There are a number of different ways to save for retirement and which option is best for you will largely depend on personal circumstance. However, most experts suggest a combination of saving techniques as the most sensible approach to take.
While straightforward savings accounts give you easier access to your funds in case of an emergency, pensions and investments can result in greater returns. It’s also important to think about the ways you can mitigate against rising costs and larger expenditures as you get older. Committing to a funeral plan is a great example of one way you can avoid paying out large amounts once you hit retirement. With this in mind we take a look at a few of the key ways you can save for retirement.

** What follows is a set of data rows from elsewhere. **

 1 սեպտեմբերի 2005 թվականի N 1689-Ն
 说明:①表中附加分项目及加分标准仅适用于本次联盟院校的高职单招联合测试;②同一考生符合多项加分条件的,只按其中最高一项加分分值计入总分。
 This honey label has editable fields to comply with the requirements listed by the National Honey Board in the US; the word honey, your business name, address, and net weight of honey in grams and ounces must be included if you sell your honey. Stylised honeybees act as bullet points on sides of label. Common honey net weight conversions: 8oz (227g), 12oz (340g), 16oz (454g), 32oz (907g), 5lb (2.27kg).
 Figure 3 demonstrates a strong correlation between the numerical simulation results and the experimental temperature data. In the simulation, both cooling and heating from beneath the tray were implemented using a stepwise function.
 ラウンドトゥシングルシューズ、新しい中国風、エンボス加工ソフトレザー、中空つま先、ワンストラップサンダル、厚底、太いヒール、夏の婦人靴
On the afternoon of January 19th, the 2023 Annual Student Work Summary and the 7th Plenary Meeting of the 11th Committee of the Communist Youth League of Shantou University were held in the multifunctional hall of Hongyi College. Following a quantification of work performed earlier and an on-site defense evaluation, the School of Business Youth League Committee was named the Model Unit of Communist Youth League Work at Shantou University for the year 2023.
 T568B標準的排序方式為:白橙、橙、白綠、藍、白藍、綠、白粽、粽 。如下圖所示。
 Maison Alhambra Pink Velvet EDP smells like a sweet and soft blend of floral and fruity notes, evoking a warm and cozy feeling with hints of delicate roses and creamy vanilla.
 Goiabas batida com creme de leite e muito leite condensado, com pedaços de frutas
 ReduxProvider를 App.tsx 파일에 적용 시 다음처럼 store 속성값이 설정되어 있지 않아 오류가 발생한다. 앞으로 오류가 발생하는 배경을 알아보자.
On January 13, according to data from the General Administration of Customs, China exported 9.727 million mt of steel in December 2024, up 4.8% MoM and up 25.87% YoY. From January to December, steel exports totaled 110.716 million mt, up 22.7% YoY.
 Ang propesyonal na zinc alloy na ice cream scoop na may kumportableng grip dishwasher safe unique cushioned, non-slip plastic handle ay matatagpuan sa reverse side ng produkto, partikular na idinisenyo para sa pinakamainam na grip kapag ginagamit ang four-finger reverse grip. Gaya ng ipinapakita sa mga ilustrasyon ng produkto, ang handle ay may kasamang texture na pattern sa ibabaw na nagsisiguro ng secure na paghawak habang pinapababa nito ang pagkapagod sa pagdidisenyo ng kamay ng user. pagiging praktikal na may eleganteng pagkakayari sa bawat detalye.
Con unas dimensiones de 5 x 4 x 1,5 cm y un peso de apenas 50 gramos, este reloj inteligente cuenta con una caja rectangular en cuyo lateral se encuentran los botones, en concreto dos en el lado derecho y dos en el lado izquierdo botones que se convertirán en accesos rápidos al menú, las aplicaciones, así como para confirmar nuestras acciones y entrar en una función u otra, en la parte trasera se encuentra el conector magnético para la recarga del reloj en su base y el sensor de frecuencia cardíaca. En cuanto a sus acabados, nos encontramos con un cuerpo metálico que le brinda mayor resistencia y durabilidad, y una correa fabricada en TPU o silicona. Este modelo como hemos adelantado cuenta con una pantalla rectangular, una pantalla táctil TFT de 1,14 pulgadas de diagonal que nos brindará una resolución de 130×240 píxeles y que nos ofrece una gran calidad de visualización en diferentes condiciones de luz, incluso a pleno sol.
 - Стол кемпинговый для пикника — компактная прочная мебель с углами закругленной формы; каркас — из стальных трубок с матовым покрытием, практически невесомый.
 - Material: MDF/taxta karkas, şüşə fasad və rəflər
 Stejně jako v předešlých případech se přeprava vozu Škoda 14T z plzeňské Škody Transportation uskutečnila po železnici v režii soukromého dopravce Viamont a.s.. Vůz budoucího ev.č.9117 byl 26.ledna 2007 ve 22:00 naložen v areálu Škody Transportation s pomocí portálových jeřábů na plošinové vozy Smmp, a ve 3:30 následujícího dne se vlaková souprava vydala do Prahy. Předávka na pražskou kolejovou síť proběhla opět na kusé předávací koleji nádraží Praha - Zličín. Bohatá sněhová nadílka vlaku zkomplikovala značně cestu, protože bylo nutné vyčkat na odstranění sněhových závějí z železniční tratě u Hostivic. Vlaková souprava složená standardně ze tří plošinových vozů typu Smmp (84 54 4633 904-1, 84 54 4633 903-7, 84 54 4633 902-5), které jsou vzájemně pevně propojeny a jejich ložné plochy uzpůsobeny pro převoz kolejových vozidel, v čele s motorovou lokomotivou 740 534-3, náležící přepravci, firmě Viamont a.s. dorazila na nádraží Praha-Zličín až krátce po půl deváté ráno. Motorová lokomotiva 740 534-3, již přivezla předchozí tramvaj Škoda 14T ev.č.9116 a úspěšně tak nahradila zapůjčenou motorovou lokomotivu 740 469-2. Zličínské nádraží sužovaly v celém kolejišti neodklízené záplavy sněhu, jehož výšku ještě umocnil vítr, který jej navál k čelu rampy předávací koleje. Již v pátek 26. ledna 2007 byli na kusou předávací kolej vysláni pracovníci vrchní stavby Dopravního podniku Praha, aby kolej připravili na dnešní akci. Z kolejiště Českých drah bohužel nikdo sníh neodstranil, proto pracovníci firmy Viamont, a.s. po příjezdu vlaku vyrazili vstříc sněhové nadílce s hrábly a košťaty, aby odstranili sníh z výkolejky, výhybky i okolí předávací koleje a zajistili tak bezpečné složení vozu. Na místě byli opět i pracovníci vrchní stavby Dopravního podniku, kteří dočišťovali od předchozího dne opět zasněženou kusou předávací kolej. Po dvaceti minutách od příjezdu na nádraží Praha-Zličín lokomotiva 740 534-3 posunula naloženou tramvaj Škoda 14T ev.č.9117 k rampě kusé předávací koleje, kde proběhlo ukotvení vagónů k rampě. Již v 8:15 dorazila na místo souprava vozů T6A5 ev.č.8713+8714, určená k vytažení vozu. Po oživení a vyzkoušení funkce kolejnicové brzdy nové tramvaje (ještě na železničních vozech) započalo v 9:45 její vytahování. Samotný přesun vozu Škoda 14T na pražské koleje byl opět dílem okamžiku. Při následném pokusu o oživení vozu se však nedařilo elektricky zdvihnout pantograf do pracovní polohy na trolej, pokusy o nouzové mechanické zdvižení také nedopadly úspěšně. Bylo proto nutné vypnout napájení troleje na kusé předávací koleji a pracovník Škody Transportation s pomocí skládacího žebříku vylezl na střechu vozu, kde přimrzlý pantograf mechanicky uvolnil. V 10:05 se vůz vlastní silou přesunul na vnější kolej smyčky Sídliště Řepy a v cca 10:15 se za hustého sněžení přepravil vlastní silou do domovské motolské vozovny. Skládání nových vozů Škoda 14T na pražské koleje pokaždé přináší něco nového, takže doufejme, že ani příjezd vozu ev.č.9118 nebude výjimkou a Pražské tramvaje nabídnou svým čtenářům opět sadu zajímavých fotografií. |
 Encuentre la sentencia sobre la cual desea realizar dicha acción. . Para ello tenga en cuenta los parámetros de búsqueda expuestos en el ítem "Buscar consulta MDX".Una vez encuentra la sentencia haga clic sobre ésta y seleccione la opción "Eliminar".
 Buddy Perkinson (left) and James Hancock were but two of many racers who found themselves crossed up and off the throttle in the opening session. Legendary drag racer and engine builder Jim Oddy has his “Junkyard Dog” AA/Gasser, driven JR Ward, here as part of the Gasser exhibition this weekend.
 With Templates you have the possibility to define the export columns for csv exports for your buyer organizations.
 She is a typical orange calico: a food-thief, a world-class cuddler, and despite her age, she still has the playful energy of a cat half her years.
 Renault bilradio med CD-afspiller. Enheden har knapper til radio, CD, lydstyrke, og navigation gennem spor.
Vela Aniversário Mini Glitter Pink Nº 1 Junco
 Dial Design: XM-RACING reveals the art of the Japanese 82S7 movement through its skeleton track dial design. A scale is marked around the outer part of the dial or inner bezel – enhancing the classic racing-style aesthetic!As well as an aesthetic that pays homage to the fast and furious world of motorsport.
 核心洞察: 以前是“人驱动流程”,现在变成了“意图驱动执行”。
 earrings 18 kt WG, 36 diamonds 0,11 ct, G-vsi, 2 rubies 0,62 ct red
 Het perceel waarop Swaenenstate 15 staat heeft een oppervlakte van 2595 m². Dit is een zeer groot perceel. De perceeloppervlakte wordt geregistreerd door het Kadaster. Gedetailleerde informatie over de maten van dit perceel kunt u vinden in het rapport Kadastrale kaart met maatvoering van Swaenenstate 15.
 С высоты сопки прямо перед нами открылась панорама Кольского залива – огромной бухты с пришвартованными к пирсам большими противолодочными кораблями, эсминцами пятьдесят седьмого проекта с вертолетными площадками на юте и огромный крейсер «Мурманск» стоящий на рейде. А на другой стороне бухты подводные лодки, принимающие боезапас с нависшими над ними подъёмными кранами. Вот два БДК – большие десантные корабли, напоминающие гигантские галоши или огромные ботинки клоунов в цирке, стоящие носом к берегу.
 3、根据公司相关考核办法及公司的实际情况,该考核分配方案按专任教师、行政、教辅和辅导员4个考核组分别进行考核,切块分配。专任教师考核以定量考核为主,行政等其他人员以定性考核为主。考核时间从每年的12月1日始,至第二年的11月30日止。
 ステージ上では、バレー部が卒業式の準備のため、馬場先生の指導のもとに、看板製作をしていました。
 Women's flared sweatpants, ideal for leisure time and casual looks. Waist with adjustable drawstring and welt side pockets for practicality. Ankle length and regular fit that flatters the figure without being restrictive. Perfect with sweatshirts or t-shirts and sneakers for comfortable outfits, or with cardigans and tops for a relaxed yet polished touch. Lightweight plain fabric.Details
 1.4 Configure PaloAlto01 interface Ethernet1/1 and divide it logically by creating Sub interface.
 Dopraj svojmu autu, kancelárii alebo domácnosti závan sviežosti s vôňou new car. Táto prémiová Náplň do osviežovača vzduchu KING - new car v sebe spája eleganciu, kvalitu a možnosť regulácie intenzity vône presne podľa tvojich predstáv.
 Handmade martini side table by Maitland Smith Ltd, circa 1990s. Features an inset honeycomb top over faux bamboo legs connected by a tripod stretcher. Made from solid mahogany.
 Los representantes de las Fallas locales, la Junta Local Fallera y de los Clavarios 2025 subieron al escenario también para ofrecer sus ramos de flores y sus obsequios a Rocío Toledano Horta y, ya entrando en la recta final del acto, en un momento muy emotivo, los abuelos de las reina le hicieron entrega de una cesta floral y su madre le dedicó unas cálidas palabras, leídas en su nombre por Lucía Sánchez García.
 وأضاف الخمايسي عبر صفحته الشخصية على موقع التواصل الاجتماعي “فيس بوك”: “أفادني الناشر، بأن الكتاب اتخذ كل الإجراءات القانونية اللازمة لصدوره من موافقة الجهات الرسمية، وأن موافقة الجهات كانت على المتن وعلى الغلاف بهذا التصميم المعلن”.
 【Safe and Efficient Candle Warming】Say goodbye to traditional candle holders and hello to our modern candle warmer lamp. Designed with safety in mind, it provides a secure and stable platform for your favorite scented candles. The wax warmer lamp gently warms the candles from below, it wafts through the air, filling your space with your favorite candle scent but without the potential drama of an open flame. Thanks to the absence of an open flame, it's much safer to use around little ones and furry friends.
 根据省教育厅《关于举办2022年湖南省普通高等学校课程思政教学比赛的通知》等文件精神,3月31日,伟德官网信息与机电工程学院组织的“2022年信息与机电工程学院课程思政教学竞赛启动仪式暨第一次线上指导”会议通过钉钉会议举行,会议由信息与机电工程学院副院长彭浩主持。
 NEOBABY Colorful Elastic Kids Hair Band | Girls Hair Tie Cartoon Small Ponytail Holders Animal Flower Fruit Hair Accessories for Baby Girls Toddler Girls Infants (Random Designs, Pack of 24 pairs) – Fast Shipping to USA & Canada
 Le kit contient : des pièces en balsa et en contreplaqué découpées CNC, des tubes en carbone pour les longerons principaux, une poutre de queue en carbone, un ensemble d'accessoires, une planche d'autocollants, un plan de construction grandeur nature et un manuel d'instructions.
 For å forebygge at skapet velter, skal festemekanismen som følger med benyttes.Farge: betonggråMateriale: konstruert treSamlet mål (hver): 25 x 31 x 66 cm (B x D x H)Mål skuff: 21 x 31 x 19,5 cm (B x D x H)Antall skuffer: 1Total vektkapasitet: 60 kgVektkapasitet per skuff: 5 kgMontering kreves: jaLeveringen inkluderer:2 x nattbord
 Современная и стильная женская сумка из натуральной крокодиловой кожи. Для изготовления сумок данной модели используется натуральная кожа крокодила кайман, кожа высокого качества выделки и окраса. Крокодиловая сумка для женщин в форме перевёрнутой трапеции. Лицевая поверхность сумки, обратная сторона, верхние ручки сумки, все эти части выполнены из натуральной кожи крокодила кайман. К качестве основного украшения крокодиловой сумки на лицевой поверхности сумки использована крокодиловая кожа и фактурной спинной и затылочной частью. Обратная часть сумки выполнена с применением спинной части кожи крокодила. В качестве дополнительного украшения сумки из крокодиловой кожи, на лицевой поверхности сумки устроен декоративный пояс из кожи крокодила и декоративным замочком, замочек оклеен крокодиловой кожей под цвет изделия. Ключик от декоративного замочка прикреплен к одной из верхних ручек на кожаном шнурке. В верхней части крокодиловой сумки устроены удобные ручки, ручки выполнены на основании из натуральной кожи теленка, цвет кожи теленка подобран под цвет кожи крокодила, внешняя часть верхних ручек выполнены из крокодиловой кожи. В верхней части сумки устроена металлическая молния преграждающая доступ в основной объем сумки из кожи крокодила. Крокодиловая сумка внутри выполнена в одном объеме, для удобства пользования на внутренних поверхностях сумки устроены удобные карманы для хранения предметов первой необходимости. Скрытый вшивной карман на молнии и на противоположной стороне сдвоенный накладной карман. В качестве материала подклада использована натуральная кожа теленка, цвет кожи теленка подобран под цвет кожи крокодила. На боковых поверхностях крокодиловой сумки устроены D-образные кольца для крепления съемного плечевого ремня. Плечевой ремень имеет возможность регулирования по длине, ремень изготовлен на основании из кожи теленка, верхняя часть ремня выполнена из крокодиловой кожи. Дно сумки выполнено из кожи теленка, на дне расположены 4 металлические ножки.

The simplest, though perhaps not always the best, way of saving for retirement is using a traditional savings account and ensuring you put a set amount of money away each month. There are a number of savings accounts to choose from, including ISAs, instant access ISAs, notice accounts and National Savings accounts, so do your research and work out what type of account is best for you. Make sure you think about how easily you want to be able to access your savings, how much interest you want to be earning and whether there are any additional features you require before signing up.
Though there’s always a little bit of risk involved in investing your savings, it can result in much larger returns on your money. If you have experience of the financial markets and feel comfortable making investment decisions on your own, there’s no need to look for outside help. However, if you feel you could benefit from some guidance, it may be best to talk to investment specialists. Though they will either charge a fee or take a percentage of your returns, it is probably a more secure way of investing your hard-earned cash.
Pensions are an important mechanism for ensuring you have enough money to last you during retirement. Though everyone has a small state pension, most people pay into a private scheme that’s either operated by their employer or a private company. It’s worth noting that you have no obligation to pay into your employer’s pension scheme, and sometimes it is worth keeping your options open. There’s a wide range of pension schemes to choose between, so it’s worth taking the time and effort to explore your options before beginning your payments. Look for an established provider with an excellent reputation to ensure your money isn’t mishandled in any way.
Finally, it’s a good idea to look at ways you can minimise expenditure later in life to ensure your savings go further. One of the key ways of doing this is by looking into funeral plans. Though the benefits of such schemes vary depending on the company you go with, plans like the Beyond Open Plan tie the cost of your funeral to current price levels. This can mean enormous savings when you consider the fact that funeral costs are expected to rise to an astonishing £10,203 within the next 12 years, while the average funeral comes in at just £3,800 now. By ensuring you’re prepared and taking action now, you could make your savings stretch a lot further.